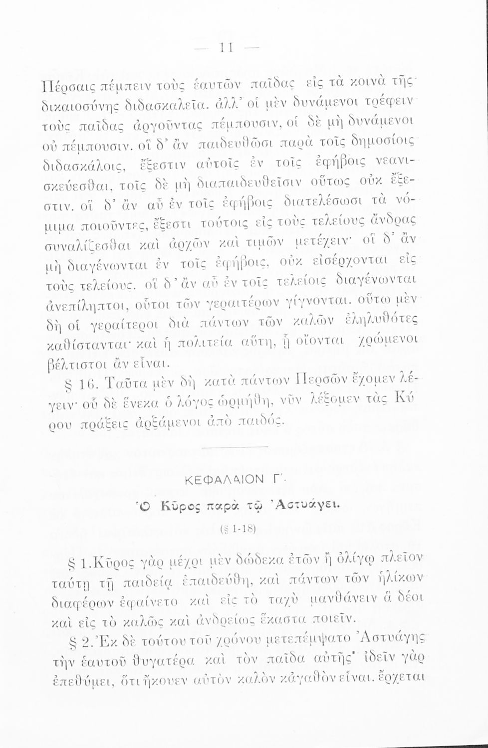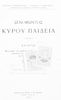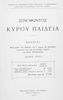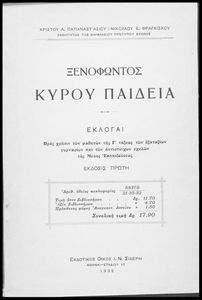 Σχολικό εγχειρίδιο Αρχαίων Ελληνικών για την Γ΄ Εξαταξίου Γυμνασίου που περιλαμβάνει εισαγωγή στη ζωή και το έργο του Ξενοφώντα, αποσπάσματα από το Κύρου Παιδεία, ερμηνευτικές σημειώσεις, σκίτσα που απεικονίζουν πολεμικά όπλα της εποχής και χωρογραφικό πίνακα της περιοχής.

--

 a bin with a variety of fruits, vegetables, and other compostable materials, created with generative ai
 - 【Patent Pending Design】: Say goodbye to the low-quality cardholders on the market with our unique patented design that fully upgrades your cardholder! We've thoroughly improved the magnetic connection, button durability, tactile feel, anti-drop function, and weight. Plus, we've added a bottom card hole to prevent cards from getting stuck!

## Task brief
Pick out each line in the material containing "with".

## Your solution
 a bin with a variety of fruits, vegetables, and other compostable materials, created with generative ai
 - 【Patent Pending Design】: Say goodbye to the low-quality cardholders on the market with our unique patented design that fully upgrades your cardholder! We've thoroughly improved the magnetic connection, button durability, tactile feel, anti-drop function, and weight. Plus, we've added a bottom card hole to prevent cards from getting stuck!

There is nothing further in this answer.